When I reported last week on the new E-ink Prism wall hangings, I said that I wasn't terribly impressed but I forgot to explain why.
The thing is, this isn't the first time I've seen a modular wall decoration based on E-ink's screen tech. Prism is the first to use red/white colors and a 12" module, yes, but previous designs have been released to the market which used other sizes of E-ink screen. Those older products used black/white inks and different screen sizes to pull together the same basic trick.
Actually, they accomplished a better trick; while the Prism is intended to be interior design, those older products were intended to work as signs and thus could show more detail.

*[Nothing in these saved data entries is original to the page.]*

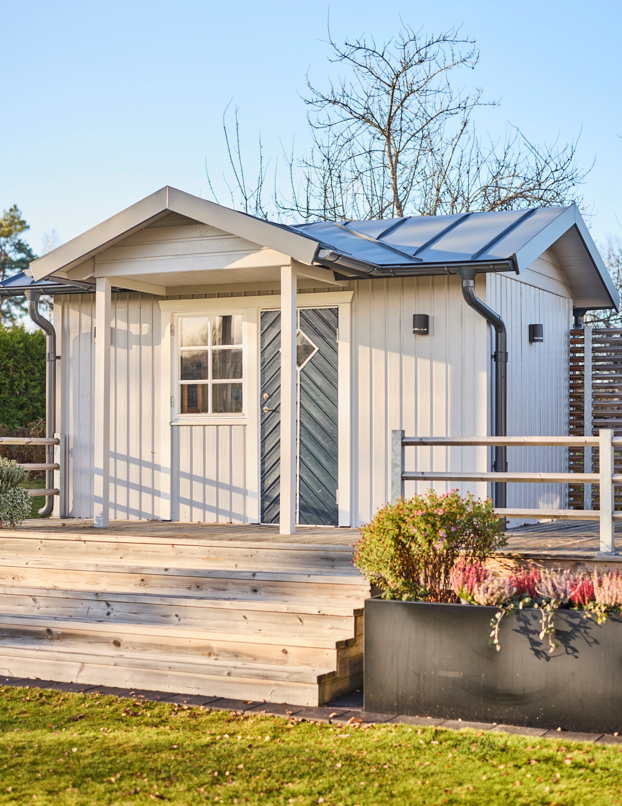 "Baksidan har många sittplatser att välja på beroende på årstid och tid på dagen; min favorit är den upphöjda intill friggeboden."
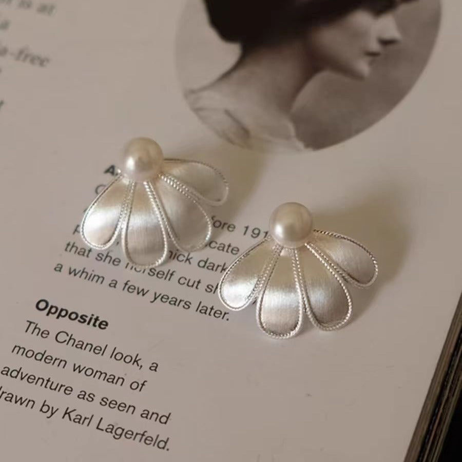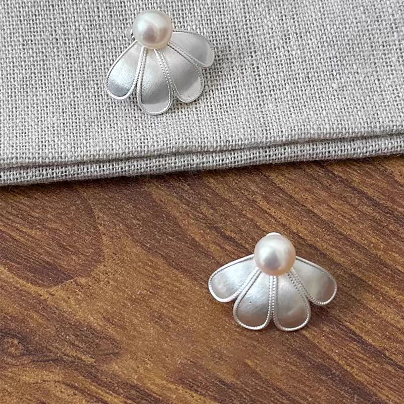 Pendientes de botón de plata de ley S925 con forma de pétalo de perla
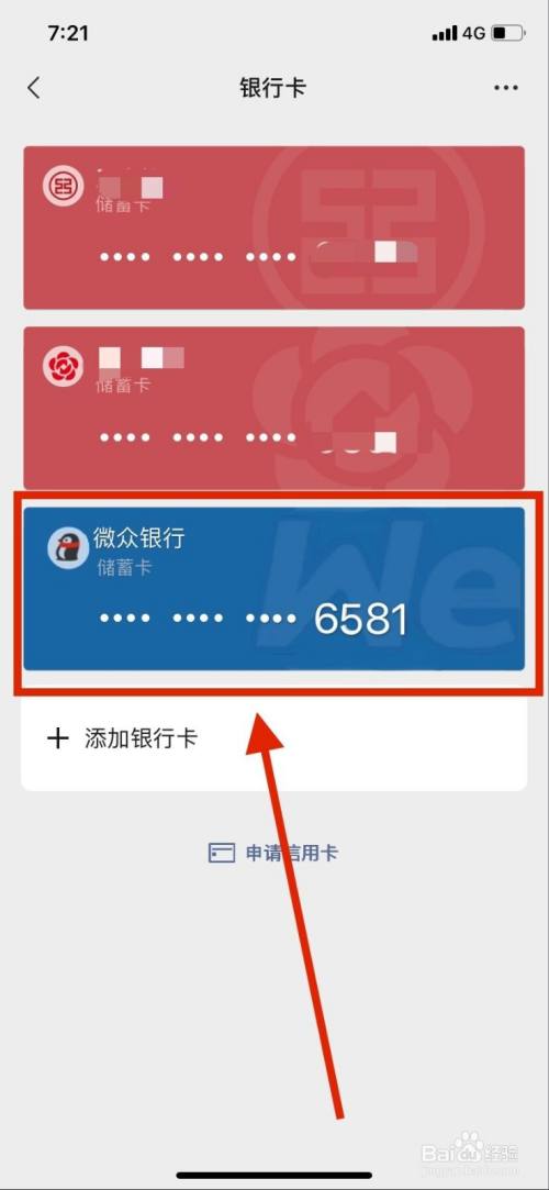 之后,我们在银行卡页面中,可以看到我们所有绑定在微信上的储蓄卡或者信用卡,我们要在这些银行卡中,找到微众银行。
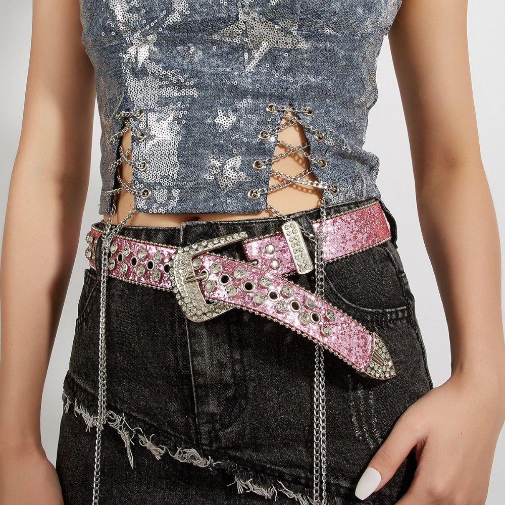 Пояса из искусственной кожи со стразами Y2K Пояс на талию Ретро Блестящий пояс Декоративные Джинсы
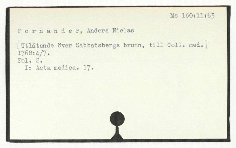 [Utlåtande över Sabbatsbergs brunn, till Coll. med.]
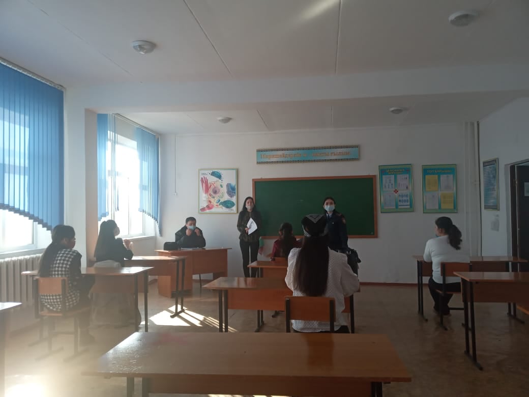 « Құқықтық білім беру, құқықбұзушылықтың алдын алу » жоспарына сәйкес колледжде АПБ-ң ЖПҚ ЮПТ-ң инспекторы А.Байшора, А.Кентаевтың , директордың тәрбие ісі жөніндегі орынбасары А.Естемесова , колледж психологы А.Есболаеваның қатысуымен колледжішілік рейд жүргізілді. Рейд барысында кәмелеттік жасқа толмаған студенттерге түнгі уақытта сағ 22.00 ден кейін көшеде ата-анасынсыз жүруіне тыйым салынғандығы туралы ескерту айтылып, бопсалау, ақша талап ету фактілерін болдырмау , оның алдын алу бойынша профилактикалық түсіндірме жұмыстары жүргізілді.
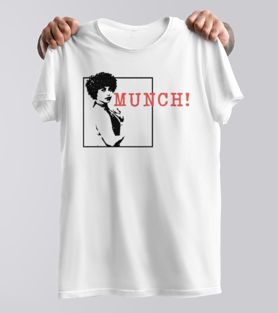 Ylikeapparel Munch Bold Red Text with Figure Image Shirt made from 100% pre-shrunk ring-spun cotton, unisex regular fit based on U.S. standard sizing. The shirt is designed, cut, sewn, and printed in the United States. Available in sizes S-5XL.

For example, in 2013 MPico Systems and Pervasive Displays partnered to build a 19-foot sign and install it in the UN headquarters in NYC. The eWall was installed in the North Delegates Lounge, and consisted of 231 individual screen panels arranged in a grid 33 panels wide by 7 panels tall. Each panel measured 7.4" (it's one of Pervasive Displays' stock sizes), and had a screen resolution of 800 x 480.
Having launched the Pico Sign product in 2013, MPico is a relative newcomer to the market, but Toppan is not. This Japanese printing tech company was one of the original partners in developing the screen for the Sony Librie (in 2001 to 2003), and they used what they learned in that project to also develop a modular sign product which assembled E-ink screen panels into signs which could be read from across a crowded room.
They've also built prototypes which used other screen sizes, including Bridgestone's now discontinued QR-LPD screen and a 42" proof of concept sign based on Plastic Logic displays:
Toppan's E-ink screen panels resemble long strips and have pixels measuring 4 mm on a side, so from the viewpoint of interior design they're not all that pretty or convenient. What's more, they're not as colorful as the red/white Prism screens which E-ink showed off at CES 2015 last week.
In fact, neither product mentioned above is as colorful or as convenient for the interior design market as the Prism product, which uses 12" panels. So as you can see, it's pretty clear why E-ink launched a new product rather than bringing out the old; neither is quite as suitable for the new market as Prism.